抗有糸分裂エージェント ドセタキセルに対する抵抗性の前立腺癌細胞モデルの生成

この手順の全体的な目標は、抗有糸分裂療法耐性を促進する分子メカニズムを研究するためのプラットフォームとして、ドセタキセル耐性がん細胞実験モデルを生成することです。この方法は、がん細胞生物学およびゲノムメイト分野における重要な疑問、例えば、疾患の進行に寄与するシグナル伝達経路の特定や、潜在的な標的化可能な戦略の決定など、重要な疑問に答えるのに役立ちます。この手法の主な利点は、患者の腫瘍サンプルや動物モデルを使用するだけでなく、抗がん剤の反応を研究するための実験モデルを生成するための信頼性が高く簡単な方法であることです。
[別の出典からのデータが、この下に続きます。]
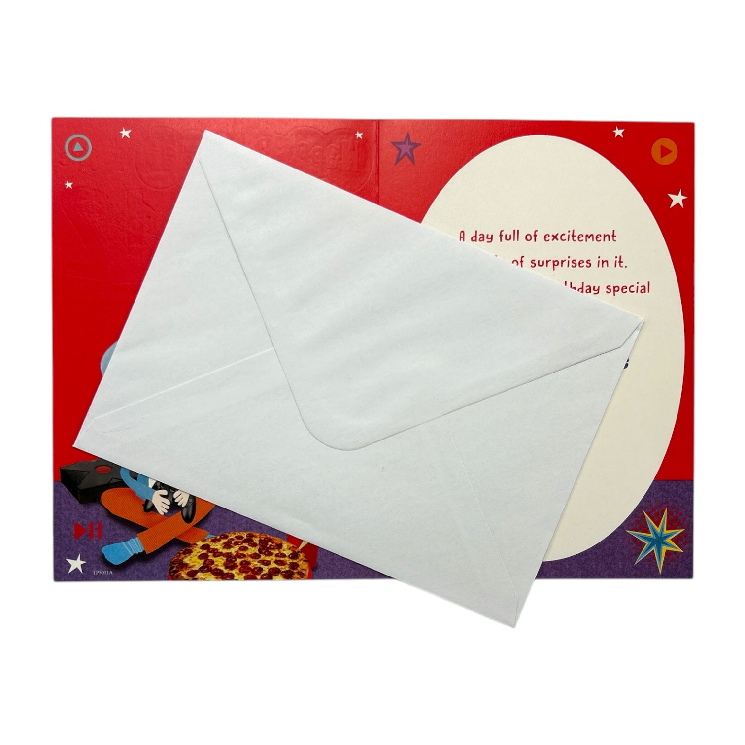 Level up the birthday celebrations with this fun and vibrant card! The front features a 11-year-old boy seated and fully immersed in playing video games, surrounded by a gaming console, pizza, and a drink—creating the perfect gaming setup. His expression reflects focus and excitement, capturing the joy of a great gaming session. The bold red background adds energy to the design, making it eye-catching and dynamic. At the top, the words "Happy Birthday You're 12" are prominently displayed in a multicolored, slightly embossed font, adding a festive touch. Inside, the card includes warm birthday wishes, making it the perfect choice for a young gamer. This card is a fantastic way to celebrate a special 11-year-old’s big day. The card comes with a coordinating envelope. Card size approx. : 19 x 13cm.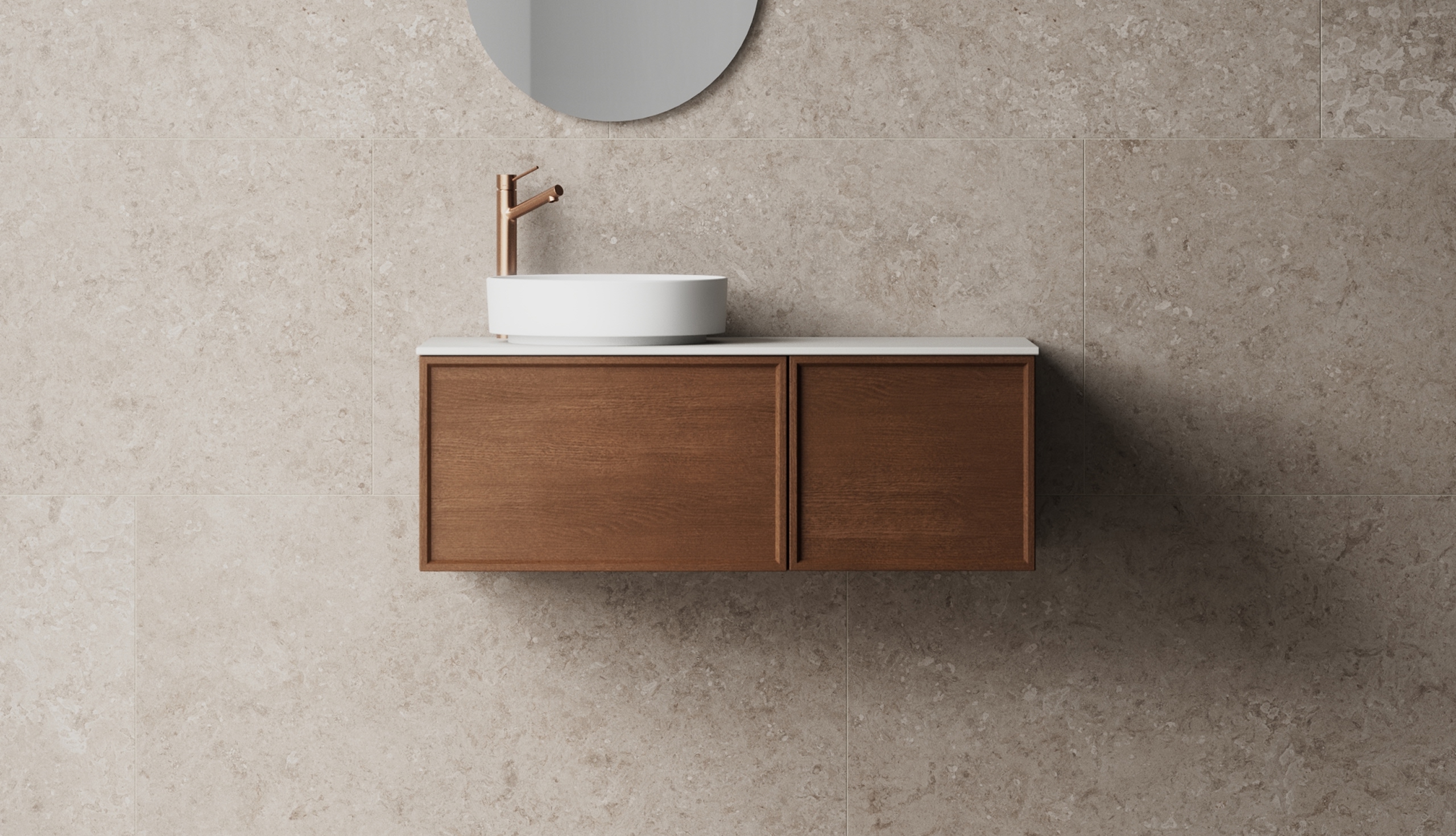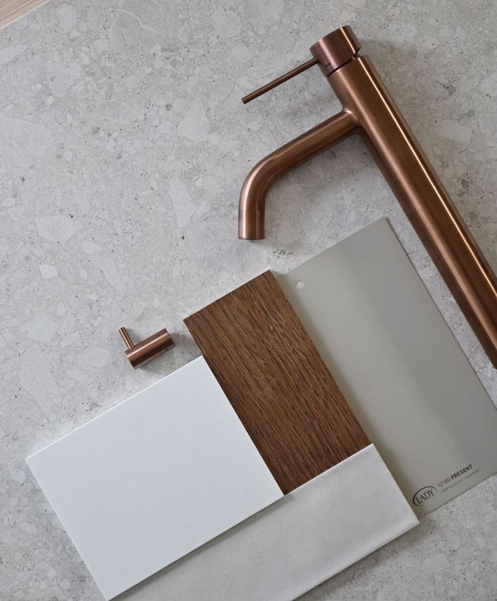 Med sine varme kobbertoner gir Brushed Bronze en vakker balanse mellom klassisk eleganse og det moderne. Utførelsen fungerer utmerket med både varme og kalde materialer og kan enkelt tilpasses din personlige stil. For et industrielt preg, kombiner med polert betong eller velg fliser i beige eller sandtoner for å framheve varmen i utførelsen. Mørk eikefinér på møblene skaper en sammenhengende og innbydende helhet. Scroll ned for tips og inspirasjon.

この手順を実演するのは、私の研究室のポスドクであるLisa Mohrと、私たちのチームのもう一人のポスドクであるJungreem Wooです。この手順を開始するには、20ミリリットルの培地が入った150センチメートル四方のフラスコにDU145または22Rv1細胞をプレートします。24時間後、細胞が約70〜80%のコンフルエンスになったら、5ナノモルのドセタキセルを追加します。

72時間後、薬剤を含む培地を吸引し、新しいドセタキセルフリー培地を追加します。.メディアは3〜4日ごとに交換してください。フラスコにクローンが現れるまで1〜2週間待ちます。

培地を吸引し、細胞を15ミリリットルのPBSで慎重に洗浄し、4ミリリットルの0.05%トリプシン-EDTAで摂氏37度で3〜5分間インキュベートして、フラスコ表面から細胞を分離します。次に、トリプシン化した細胞を8ミリリットルの新鮮な培地を使用してフラスコから再懸濁します。処理されたすべてのフラスコから細胞を引き出し、遠心分離によってそれらをペレット化します。

その後、スーパーナデンを取り出し、細胞ペレットを20ミリリットルの新鮮な培地に再懸濁し、150cm四方のフラスコに細胞をプレートします。24時間後、細胞が約70〜80%のコンフルエントになったら、再び5ナノモルのドセタキセルを追加します。クローンがフラスコに表示されるまで、前に示した手順を繰り返します。

次に、セルを150センチメートル四方のフラスコに再度プレートします。24時間後、細胞が約70〜80%のコンフルエントになったら、10ナノモルのドセタキセルで処理します。ドセタキセルの用量を漸増的に同じ手順を繰り返し、濃縮治療のたびに生存するクローンをプールし続けます。

プロセスの最後には、実験に使用できる耐性細胞のプールが得られます。この手順では、6つのウェルプレートでウェルあたり2ミリリットルの培地を使用して2,000個の細胞をプレート化します。24時間後、DU145細胞株と22Rv1細胞株の両方について、ドセタキセルの濃度を上げて追加します。

DMSOは、ドセタキセルの最高用量に使用したのと同じ量のコントロールとして、1つのウェルにのみ添加します。72時間後、薬剤を含む培地を吸引し、新しいドセタキセルフリー培地を追加します。.顕微鏡でコロニーが見えるまで、プレートを1〜2週間インキュベー

コロニーを染色するには、2〜3ミリリットルのPBSでコロニーをやさしく洗います。それらを2〜3ミリリットルのクリスタルバイオレット溶液と組織培養フードまたはヒュームフード内で20分間インキュベートします。その後、常設溶液を取り出し、プレートを2〜3ミリリットルの水で洗います。

次に水を取り除き、プレートを風乾します。図の表現のためにプレートのデジタル画像を撮ります。ウェルを視覚化し、マーカーペンを使用してコロニーを手動でカウントすることで、結果を分析します。

そして、細胞の生存率をグラフで表します。これは、親の前立腺癌細胞株DU145および22Rv1におけるドセタキセルIC50の測定を示す図です。必要な濃度を漸増するドセタキセル用量の細胞生存率の予想パーセンテージをここに示しています。

そして、これは、ドセタキセル耐性の生成中に指定された時間におけるDU145および22Rv1細胞の代表的な明視野顕微鏡画像です。赤い矢印は、プロトコール完了後のドセタキセル耐性クローンを示しています。ここに示されているのは、ドセタキセル耐性細胞の機能検証に対応する代表的なコロニー形成アッセイです。

細胞は、クリスタルバイオレット染色によって評価されたドセタキセル濃度の増加と生存率に曝露されました。このビデオを見れば、薬剤耐性細胞株を作製し、検証する方法を十分に理解することができ、その後、遺伝子発現解析や遺伝子操作など、お好みの検査や手順に使用することができます。ご覧いただきありがとうございます、そしてあなたの実験に頑張ってください。